# Have you tried MyBestRecipes Software?



## leeholland (May 25, 2011)

*I was wondering what software you recommend. Has anyone tried the MyBestRecipes software from http://www.**freerecipesoftware.com**? I couldn't find much on it but it looks good. Some of the paid software such as that from BigOven looks too complicated, and I like FREE over $29.95. Your thoughts would be appreciated.*


----------



## phatch (Mar 29, 2002)

I've tried some different ones and even some paid ones. Didn't like any of them. i've found text files a better solution. Work everywhere, easy to share, email, send to your phone ot tablet so you're not tied into just one place with your data.

Another cool thilng about that is you can store the data in the cloud so you always have access to the recipes anywhere you have access to a computer/smartphone/tablet. I use Dropbox, but Amazon offers good cloud storage now too.


----------



## petemccracken (Sep 18, 2008)

LeeHolland said:


> *I was wondering what software you recommend...*


My preference is MasterCook , I've used it since 2000 and find it easy to use, albeit not necessarily intuitive, powerful, and inexpensive.

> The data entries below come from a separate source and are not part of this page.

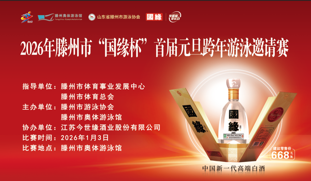 1月3日下午,2026年滕州市“国缘杯”首届元旦跨年游泳邀请赛在奥体游泳馆成功举办。来自全市的游泳爱好者齐聚一堂,以水为媒、以泳会友,在新年伊始上演了一场精彩绝伦的水上竞技盛宴,为冬日滕州注入了满满活力与热血激情。市体育发展中心党组成员、副主任,市体育总会秘书处秘书长杨水山,市体育总会秘书处办公室主任冯恩源,市体育事业发展中心产业科科长王吉玉,市游泳协会主席韩伟,江苏今世缘酒业股份有限公司、枣北办事处区域负责人王乐等出席开幕式。
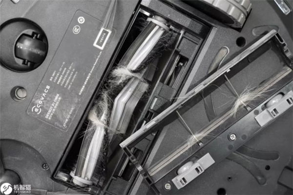 因为我家里养了小狗,细小的绒毛都藏在了V型滚刷上。打开护盖,可以看到这里的绒毛非常多,根本没能吸进尘盒,而且都是卡在铁丝网上的,很难清理。如果是大型犬,也许这个问题会更严重。 不光难于清理,X1 OMNI在工作时只会按照规划的路线走一遍,如果长毛卡住了尘盒入口,垃圾被挡在了外面,看似扫完了,但实际上只是走了一遍过场而已。 所以,如果是“掉毛女孩”或者家有宠物,一定要慎重考虑。
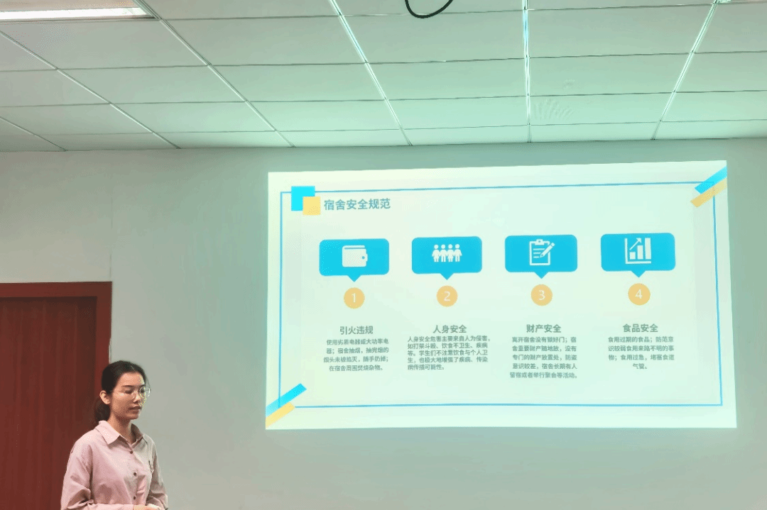 陈丽老师表示宿舍是大家日常生活和学习的重要场所,良好的宿舍行为规范有助于维护宿舍的和谐氛围。宿舍生活不能使用大功率电器、不能私拉电线等,应定期打扫宿舍,爱护宿舍。收到不明链接或短信要提高警惕,学会辨别诈骗信息的真伪,如电话、短信、邮件等。遇到可疑情况,应及时向辅导员或学校保卫处报告。
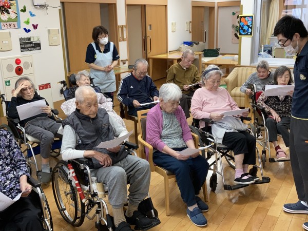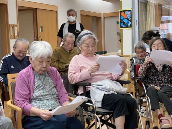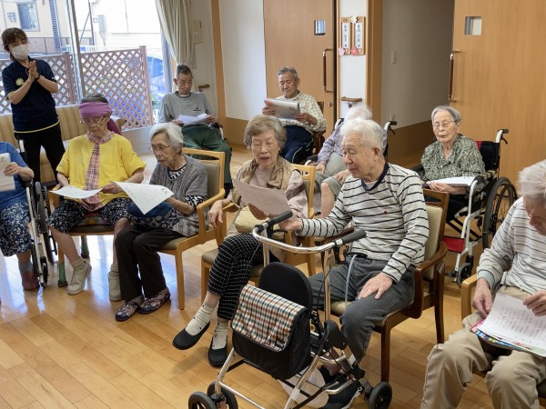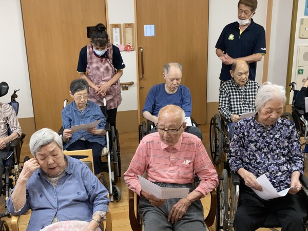 その月の歌を歌うのもお誕生日会恒例となりました。今月は【われは海の子】と【夏の思い出】です。
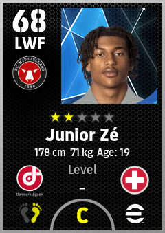 . Junior Zé is a Left Wing Forward footballer from Switzerland who plays for Midtjylland Sr in eFootball 2026.
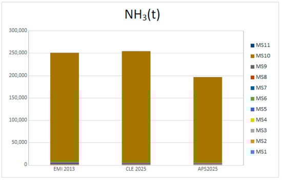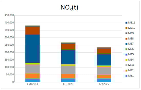 The emissions levels [] related to the main pollutants (NOx, PM10, NH3 and SO2), for the three following scenarios, are shown in Figure 2, Figure 3, Figure 4 and Figure 5:
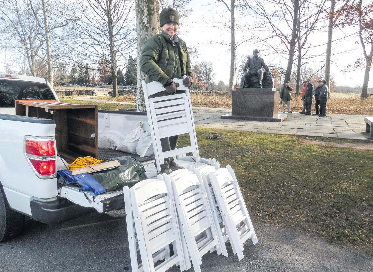 The next morning opened cold, but clear, good marching weather. I drove up, parked near the high water mark and walked over to the National Cemetery and saw Meghan Weber of the National Park Service unloading chairs. When I took a photo, she looked at me and asked, “Why are you taking my photo, I’m not a VIP.” Without you, Meghan and your co-workers, there would be no Remembrance Day.
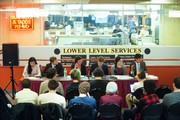 Candidates for President and Vice President of the Undergraduate Association debate in the Student Center lobby Tuesday night. From left: Sophia Liu ’17, Matthew Davis ’16, Laila Shehata ’16, Robert Mahari ’17, Siobhan Rigby ’16, and Daniel Wang ’16.
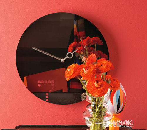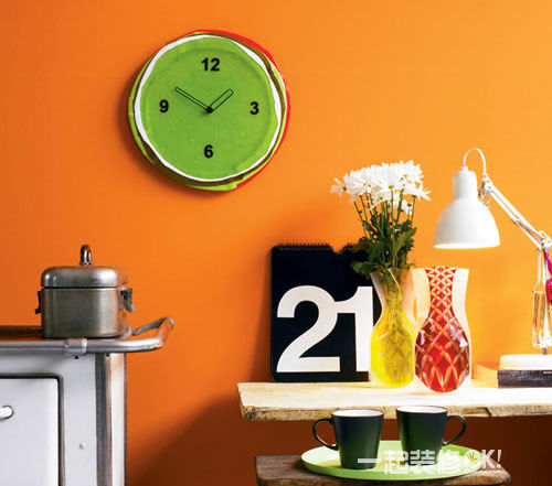 绿色的挂钟其色彩如水果般诱人,给人一种清新的感觉。与橙色墙面的对撞配色显得如此顽皮,增强了居室的热闹与缤纷,同时也提升了空间的整体热度。
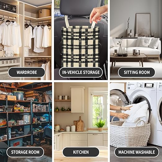 Cute Car Trash Can, Hanging Canvas Car Back Seat Organizer and Storage Bag, Funny Car Trash Bag for Travelling, Outdoor Cute Beige Black Plaid
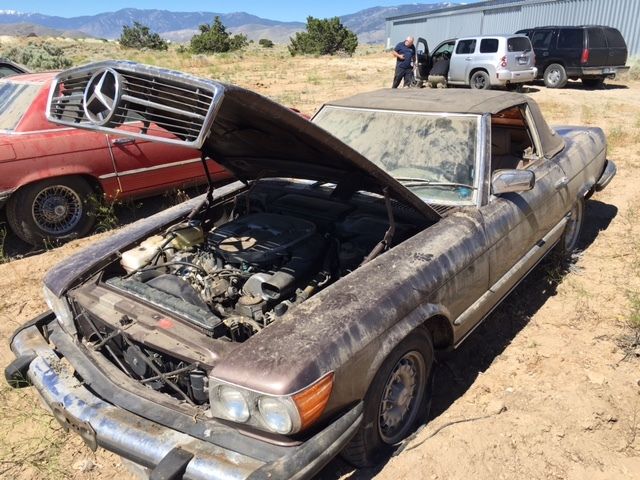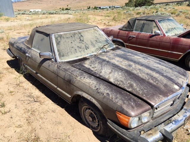 Two Mercedes SL convertibles. One is a 380, the other is a 450. Both are convertibles. They have been INSIDE a hangar in Carson City Nevada for 20 years. The are very dirty but the paint and panels are excellent. They were pulled out last week because the hangar is sold. They both need extensive interior work. If they were washed and waxed, the paint would be excellent. The missing lights and grilles and bumpers are in the hangar. These cars could be used for parts or they could be restored. There is no rust, but they are very very dirty. I do not know if anyone is interested but included is a 1989 Lincoln MK 7 LSC which is actually in very good condition. It needs a battery and gas and a good detail but it is very complete and again, under the dirt, the paint is excellent. The tires are holding air and it will roll onto a trailer. The LSC has the dial dash, not the digital one and it has the Rousche Racing 5.0 liter engine in it. Anyway, I have to move them. Two Mercedes and the Lincoln all for the price of $2,000.
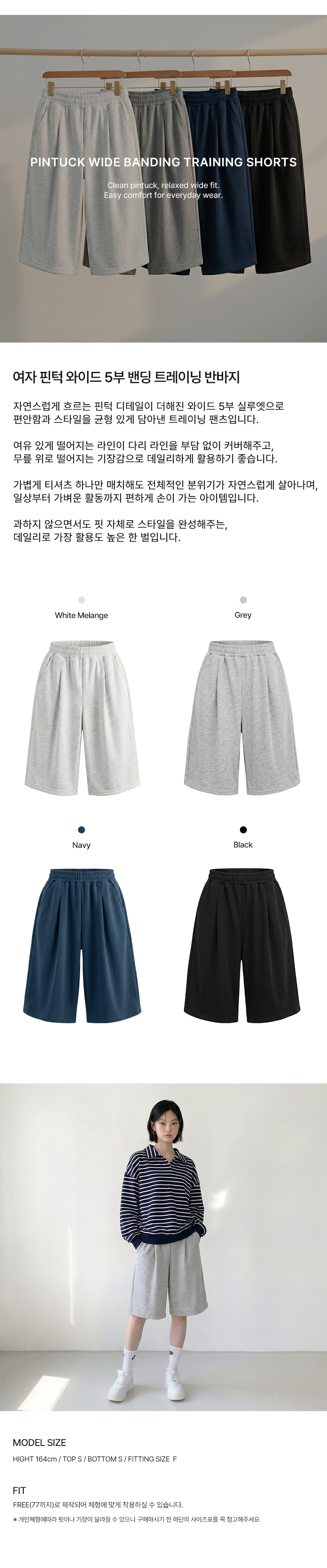 AGG 1002W 여자 핀턱 와이드 5부 밴딩 트레이닝 반바지
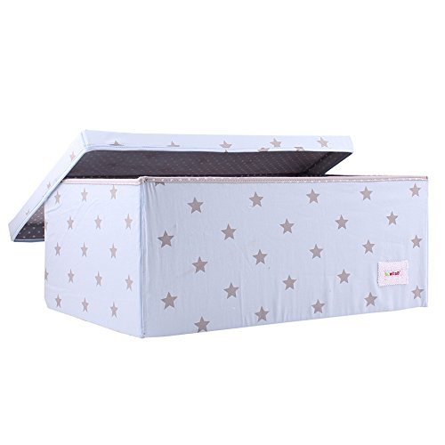 - Minene Large Storage Box with Lid Blue with Grey Star - star storage box, large fabric storage box - great for toy storage, kids storage
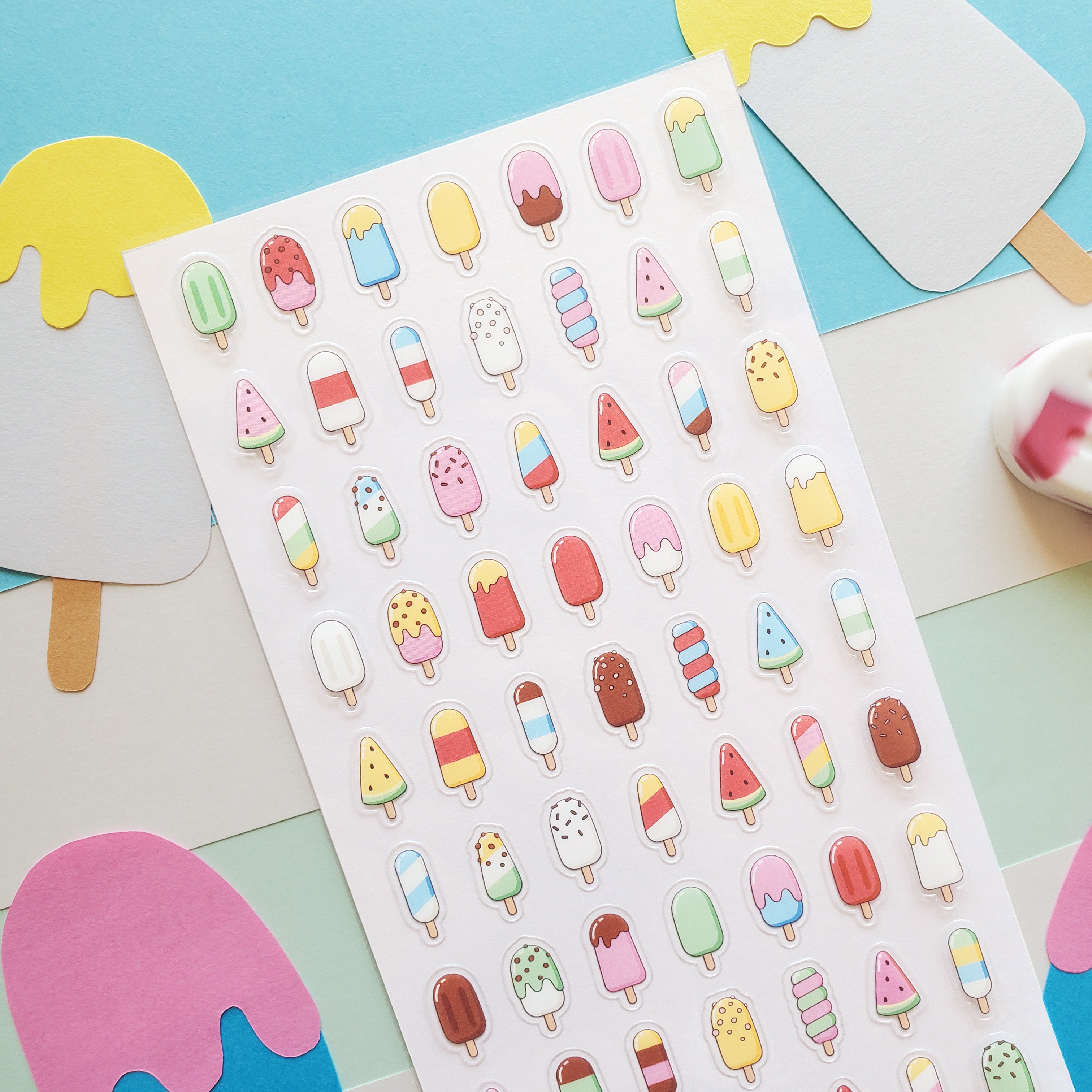 ❄️🍦 Cool off with a rainbow of sweet treats! This sticker sheet is bursting with the cutest popsicles in every flavor and color you can imagine—from fruity swirls to chocolate-dipped delights. Each tiny pop is a bite-sized piece of summer joy, perfect for sprinkling a little refreshment onto your journal, letters, or anywhere that needs a dash of icy fun.
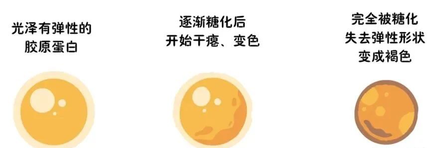 胶原蛋白上有很多的糖基化识别位点,游离的糖分子可以结合上去,这样就会导致胶原蛋白的空间构象发生变化,使其失去了原有的功能,甚至可能会影响其他蛋白正常发挥作用。
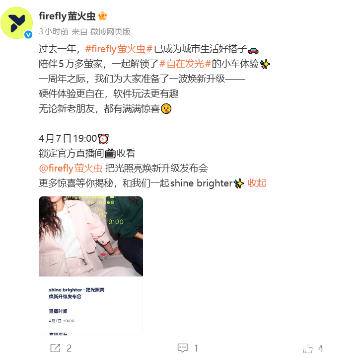 PChome 4月3日消息,蔚来汽车官方宣布,旗下firefly萤火虫焕新升级发布会将于4月7日19:00举行,并将为现有车主推出专属升级方案,实现与新款车型体验对齐。
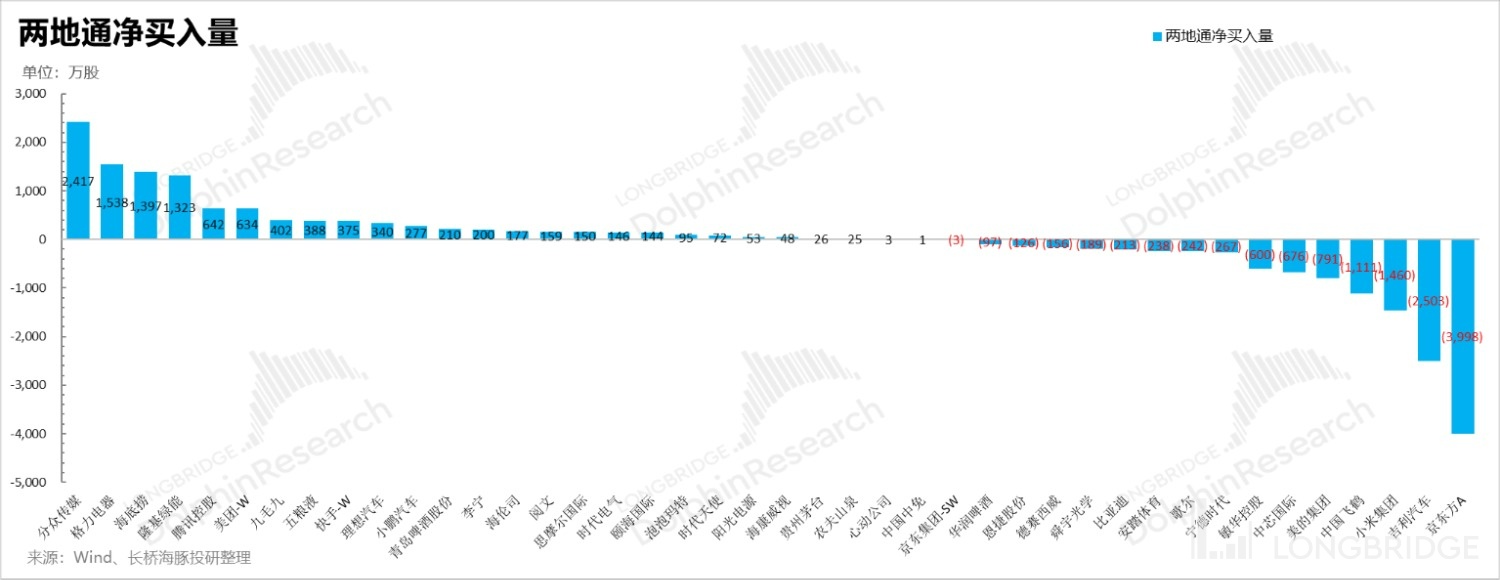 从海豚君票池内个股的南北资金流向来看,上周 28、29、30 号三天时间,买入较多的仍然偏消费龙头和互联网公司,卖出较多的仍偏科技,如小米和京东方,另外吉利汽车也再卖出榜上。
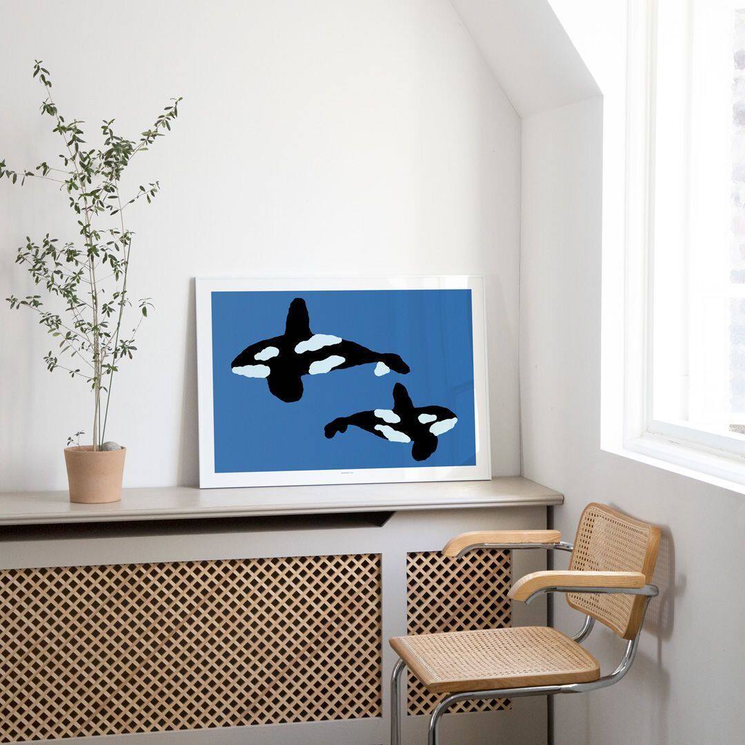 饰画 Whales鲸鱼创意卧室挂画简约北欧风壁画 Tail装 韩系Warmgrey

I've tried numerous alternative that claim to be "just like Mastercook". They are not!

BTW, do NOT purchase the download version, stick with the CD, then install FireFox and RecipeFox 0.58 , both FREE, for fast, accurate, capture of internet recipes to Mastercook.


----------



## leeholland (May 25, 2011)

phatch - I am also a fan of text files.  I ended up giving this a try.  They do use a simple text file format (that they don't try to hide), and I did choose my Dropbox folder so I now have access on My Laptop, Desktop, and any other computers.  It also lets you upload your entire recipe collection to their website as text files.  Still playing with it but it looks interesting.....


----------